Edward Fox writes for Al-Fanar Media:
I used to think that Arabic was the only language native to the Arabian Peninsula. As a student of Arabic, I learned how the ancient grammarians built the rules of standard Arabic from the speech of the desert Arabs. I thought the language of the Qur’an and of classical Arabic literature was an only child: I knew it had ancestors, but I didn’t know it had any living relatives.
I learned that the story was not that simple many years later in Oman, when I travelled from Muscat to the sultanate’s southern province of Dhofar, a region separated from the capital by 1,000 kilometers of mostly featureless flat land. There I met a young man who told me he spoke a local language that was not Arabic.

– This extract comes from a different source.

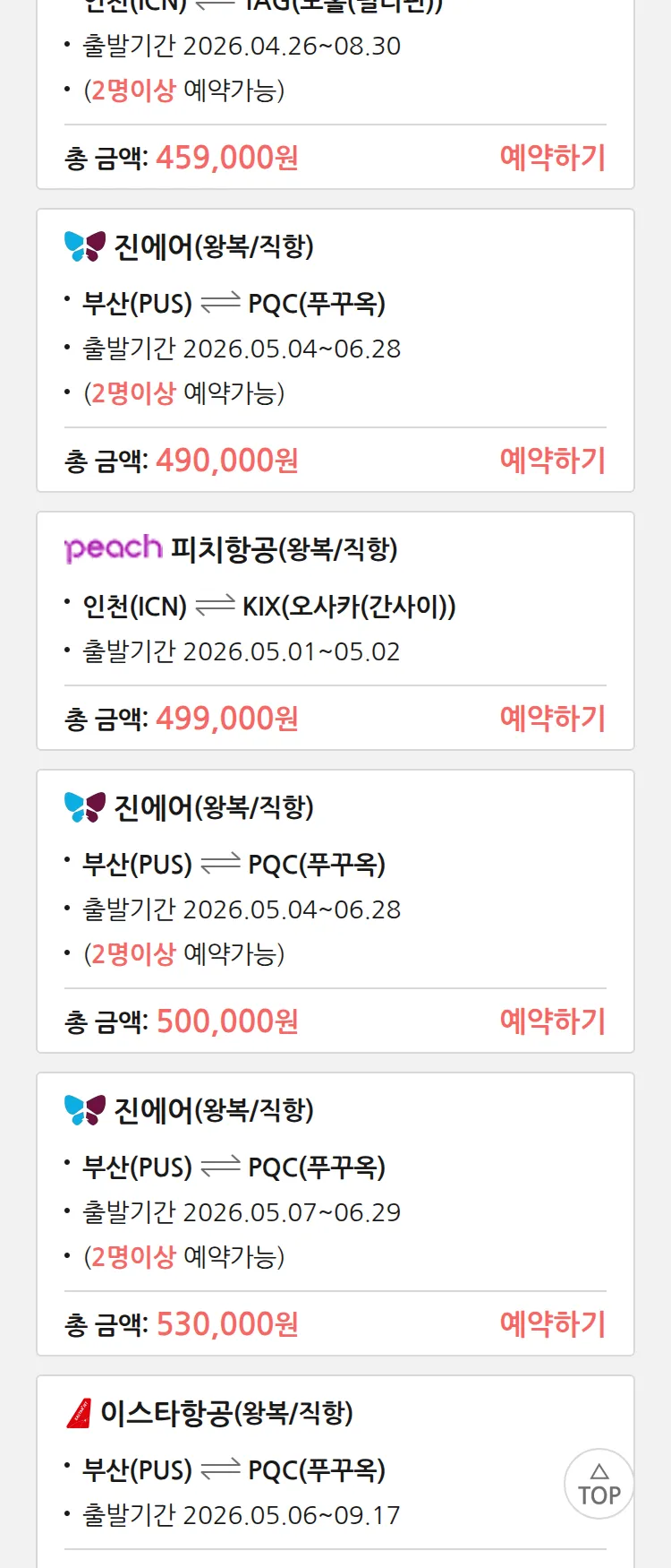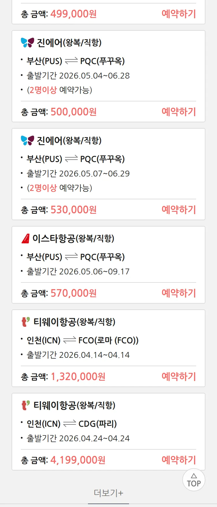 (4월6일(월)) 땡처리 99.9% 확정 패키지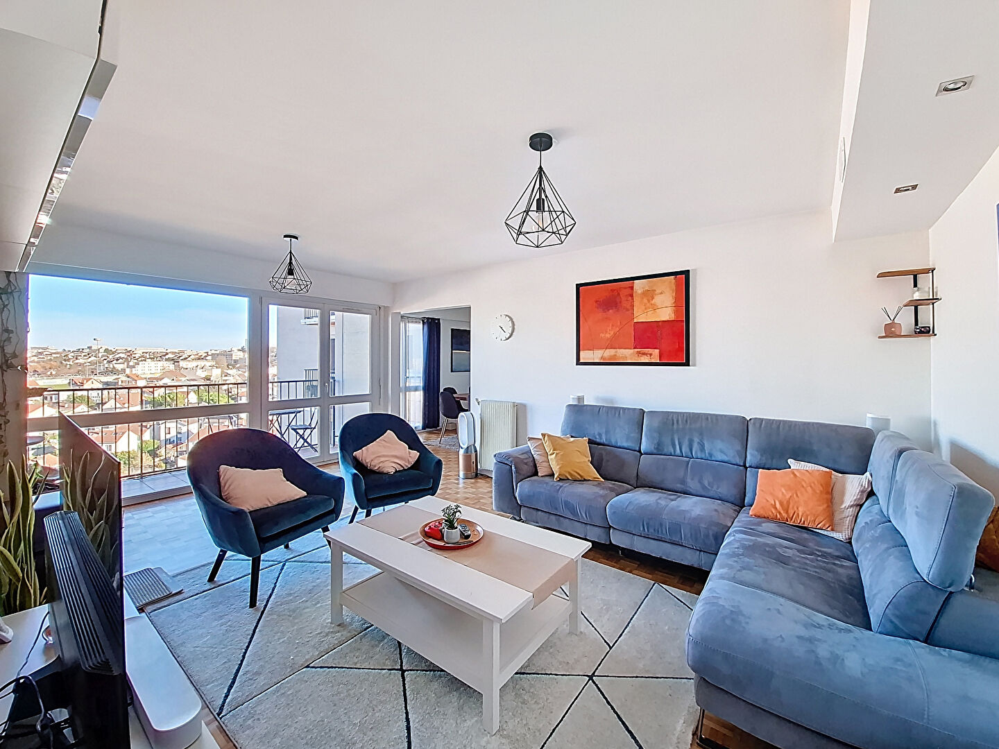 L'agence Laforêt Arcueil Cachan vous présente en exclusivité dans un quartier calme et résidentiel situé à 10 mn à pied du RER B et futur métro ligne 15, proche du centre ville et des écoles, dans une copropriété bien entretenue avec gardien : appartementt 5 pièces de 90m² totalement rénové en excellent état proposant : une entrée avec placards, un double séjour (possibilité chambre supplémentaire) donnant sur un balcon avec belle vue dégagée, trois chambres dont deux avec placards, une cuisine aménagée et équipée, une salle d'eau, un wc séparé, petit coin buanderie et nombreux rangements. Cellier de 4.50m² sur le pallier. Une place de parking privée en sous-sol.

When I asked to know more, he obligingly, and to my astonishment, spoke a sample of a language called Shahri, a linguistic rarity spoken by a few thousand people in this part of Arabia. It sounded nothing like Arabic. He seemed delighted by my surprise, and proud of his ability. […]
Shahri, also known as Jibbali, is language that is spoken mainly in a remote mountainous region of Dhofar province. (The name Jibbali is derived from the Arabic word for mountain.) It is one of a handful of related languages spoken in the southern part of the Arabian Peninsula that are distinct from Arabic, and are mostly unintelligible to speakers of the majority language.
The Unesco Interactive Atlas of the World’s Languages in Danger identifies Shahri as one of six languages in this group. The others are Bathari, Harsusi, Hobyot, Mehri and Socotri (spoken on the island of Socotra). It’s unclear how many people speak these languages, since Oman, like many countries in the region, has never conducted a census, but experts estimate the total numbers of speakers of these languages in the tens of thousands. One of these languages—Bathari—is believed to be spoken by only 11 people.
Collectively, these languages are called the Modern South Arabian languages. Aaron Rubin, a professor of linguistics at Penn State University in the United States and the author of a grammar of Shahri/Jibbali, explains that the Modern South Arabian languages are a branch of the Semitic languages group that includes Arabic and Hebrew.
“If you look at the Semitic languages as a family tree, you will see that the Modern South Arabian languages diverged from the rest of the Semitic languages a long time ago,” he said in an interview. “Structurally, Jibbali has straightforward similarities to other Semitic languages. But the vocabulary is very different.” […] “There are sounds in Shahri that we think existed in an ancestor language called proto-Semitic, but which have been lost in Arabic, Hebrew and Amharic (a language of Ethiopia),” says Aaron Rubin, of Penn state.
There’s more on the South Arabian languages at the link, as well as two clips of Shahri being spoken. And I’m glad to be introduced to the Atlas of the World’s Languages in Danger. Thanks, Trevor!